Generally, a revocable trust is paired with a transfer will to transfer assets not included in the trust to the trust at the time of a person’s death and distribute them accordingly.

Not sharing basic crypto knowledge could cost millions

You don’t have to tell your heirs that you’re worth a fortune in bitcoin before you die, but you should make sure they know how to access your crypto after you die.

Baer was working on an estate where tens of millions of dollars of crypto fell into the hands of heirs because they did not know the deceased’s private keys, which served as digital passwords to access cryptocurrency funds and prove ownership of blockchain assets.

Someone has to know how to access the assets, Baer said; whether through written instructions in a safe deposit box, a safe at home, instructions from a lawyer, or one of several crypto inheritance services that help ensure the transfer of crypto assets to your family members. Don’t put these private keys or other sensitive information in your will because wills become public through the probate process, he added.

Most appointed trustees can’t handle crypto

The person you choose to manage your other assets may not be the right person to handle the crypto portion of your estate.

Not everyone understands crypto, the volatility involved, or how to trade digital currency, which means a lot of money can be lost accidentally. Baer said the recent surge in Bitcoin price is a reminder that financial losses can be significant if you name someone who took weeks to learn how to trade Bitcoin. “Uncle Bob may be a great person, but he may face more challenges when trading an asset class he is completely unfamiliar with,” he added.

Sometimes even corporate trustees may not be able to take responsibility for crypto. A client of Owens passed away with half a million dollars worth of bitcoin and ether. The corporate trustee overseeing the client’s account refused to take responsibility for the crypto, and a private trustee was elected. Luckily, the customer had a nephew who filled that role, but Owens said finding a suitable replacement can often be costly in time and money.

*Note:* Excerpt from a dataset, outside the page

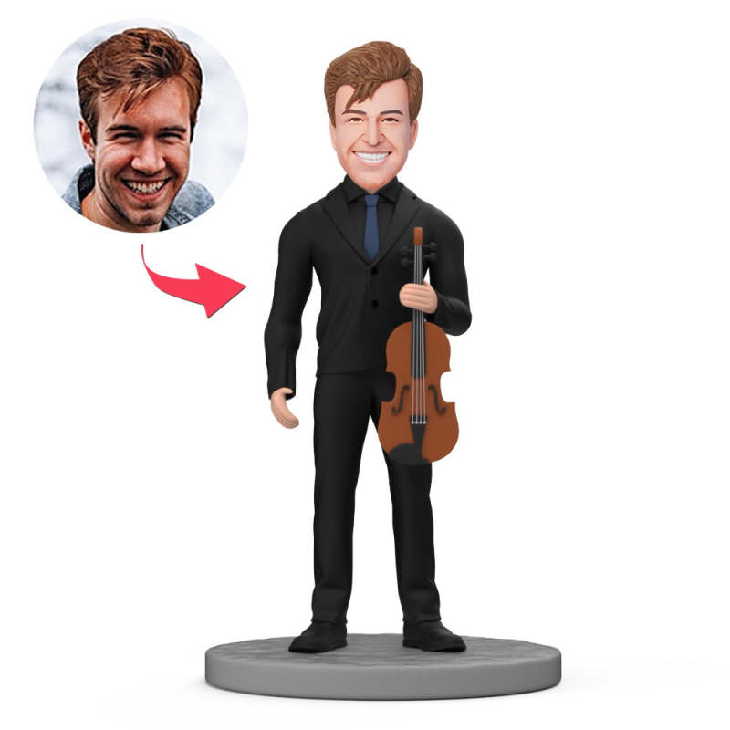 Chemise Noire Homme Bobbleheads Personnalisée Tenant Un Violon Avec Texte Gravé Pour Papa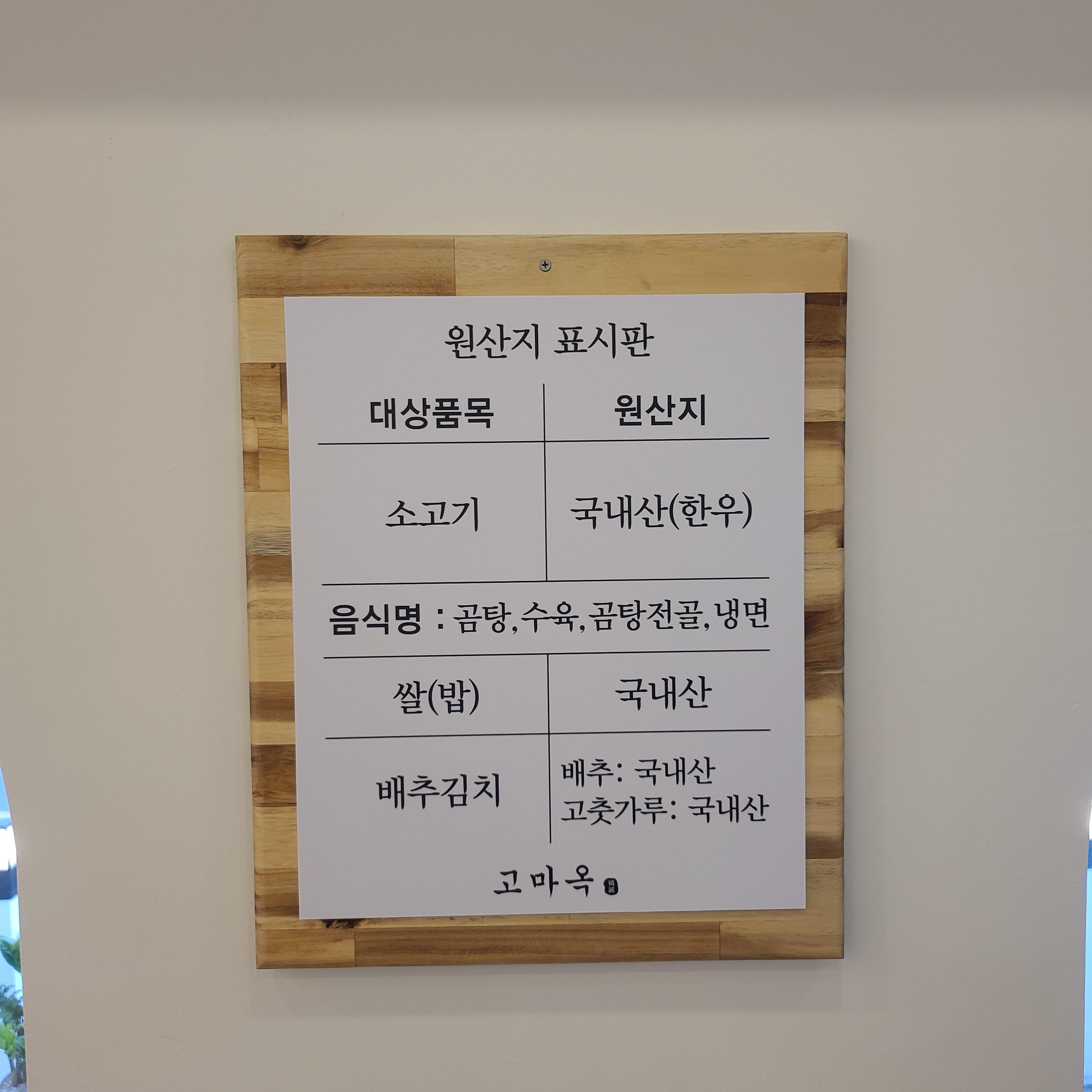 고마옥의 메뉴를 보랏! ㅎ

Lack of planning for crypto estate taxes

Jonathan Forster, a shareholder at law firm Weinstock Manion, said that with the explosion in values ​​around cryptocurrency, many people own large amounts of cryptocurrency holdings, which can be subject to significant taxes, whether income tax or estate tax, and failure to plan can be detrimental to their families.

For example, depending on the size of the property, there may be property taxes due. The federal estate tax exemption for 2025 is $13.99 million per person. Some states also have a state-level property tax.

Knowing the impact of crypto ownership on your estate is an important consideration during your lifetime. Forster has clients with crypto assets worth more than $50 million. They were looking for an effective way to make gifts for the benefit of their children to earn some money from their inheritance. Forster said they formed a limited liability company, transferred the crypto to the LLC, and gifted the interest in the LLC to an irrevocable trust for the benefit of the minor children with an independent trustee.

Many crypto investors fail to follow cost basis, and this can be problematic for many reasons, including if you are considering gifting digital assets during your lifetime. If you want to gift assets while you’re alive, you need to have a basis for the recipient to be able to properly account for the cryptocurrency if it is eventually sold, Baer said. “Following the basics can be troublesome, but it is important,” he said.